A great example. It is functional and it does the job. But it’s a little clean, even antiseptic.

Now, consider this extract from Marchette Chute’s iconic Stories from Shakespeare as she sets up the same story.

‘Macbeth’ is as swift as night and dark as spilt blood, with death and battle and witchcraft bound together, to tell the story of a man and a woman who destroyed themselves.

Macbeth and his wife wanted the throne of Scotland and they took it. But the act forced them into a murderer’s world of sleepless torment, always struggling to find safety and always sinking deeper into their own terror.

This one is juicy, it gets us excited. It gets its arms around the horror, the primal ambition, and the darkness of the story. It evokes the right emotional response.

If you write a synopsis this way, it will be too long – you’ll never get it all down in one or two pages. However, if you start with this spirit, this rich storytelling voice, you will be on the right track. (You can edit later.)

Find Your Cinderella Moment

Let’s test this approach with another story we all know—Cinderella.

Cinderella is romantic wish fulfilment taken to an insane new level. It’s got everything the escapist reader is addicted to—showing up the mean girls, makeovers, exclusive parties, expensive shoes and, of course, a gorgeous and rich guy who just happens to be a prince. What more could a girl ask for?

The description took a few minutes to write, because I was speaking honestly about what I love about the story.

What do you love about your own story? Who did you write it for? Why do you think they will absolutely love it?  Imagine that person in front of you as you write your synopsis.

Keep It Simple

All you really must do in a synopsis is tell us what the story is about. It’s really that ridiculously simple, but let’s add to that sentence:

Tell us what the story is about and don’t leave anything out.

Of course, there are other ways to approach the synopsis. Let us have a look at leading with character and theme.

Characters

Your novel is about people. So why not focus on the characters in the story? You really can’t go wrong with this approach. Simply start with telling this character’s story.

Example:

Christie is the only female in an-all male diving crew looking for treasure in a 200-year-old wreck off KwaZulu-Natal’s Wild Coast.

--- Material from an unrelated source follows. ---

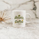 An elegant, green and gold "books + coffee" mug, designed with retro typography and botanical elements. Please message the designer if you wish to have any colour changes done for you.
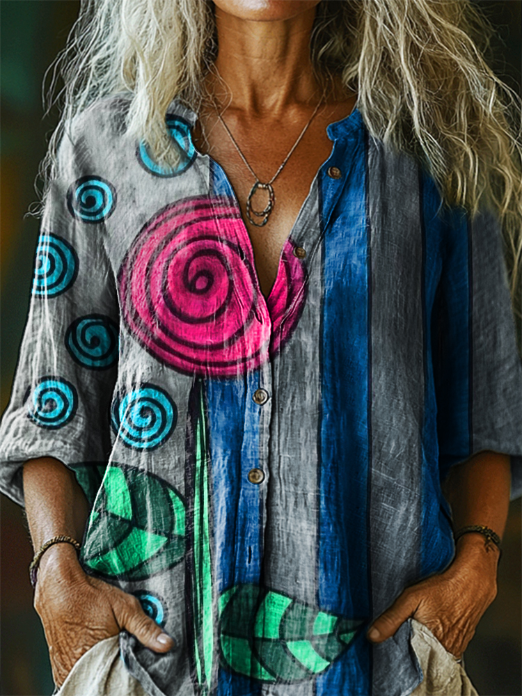 Women's Vintage Bohemian Floral Art Print Casual Cotton Linen Shirt

She more than holds her own in the testosterone-flooded environment of the  ramshackle boat, The Argus. There’s not a man who can drink her under the bar or beat her at arm-wrestling—until sexy, tatted Kyle from Down Under joins the crew at the last minute.

As you can see it’s impossible to write about a character without plot coming into it. It will fall into place quite naturally, so you don’t have to overthink it.

Just follow your character on the page. Trust them to tell their own story. And write your synopsis.

Theme

Another way to get your head around writing a synopsis is to filter it through your novel’s theme.

As Paula Munier says in Plot Perfect : ‘Theme-driven plots are the ones that resonate the most with readers — because they strike close to home.’

Let’s take a relatable theme. The idea that ‘money changes people.’ How would that play out in a synopsis?

There’s nothing that can change things like money. Two people in two different cities on either side of the world win a major lottery on the same day. But money changes them in very different ways. Mollie wins it in London and Jake wins it in New York.

One year later, Mollie is suspicious of fortune hunters after a spate of bad romances. Jake has wasted his money on women, cars, and gambling. When they finally meet in Vegas, he is broke and she is broken-hearted.

In just two paragraphs, we’ve tied theme to character and to plot. It gives the premise of the story in a powerful way.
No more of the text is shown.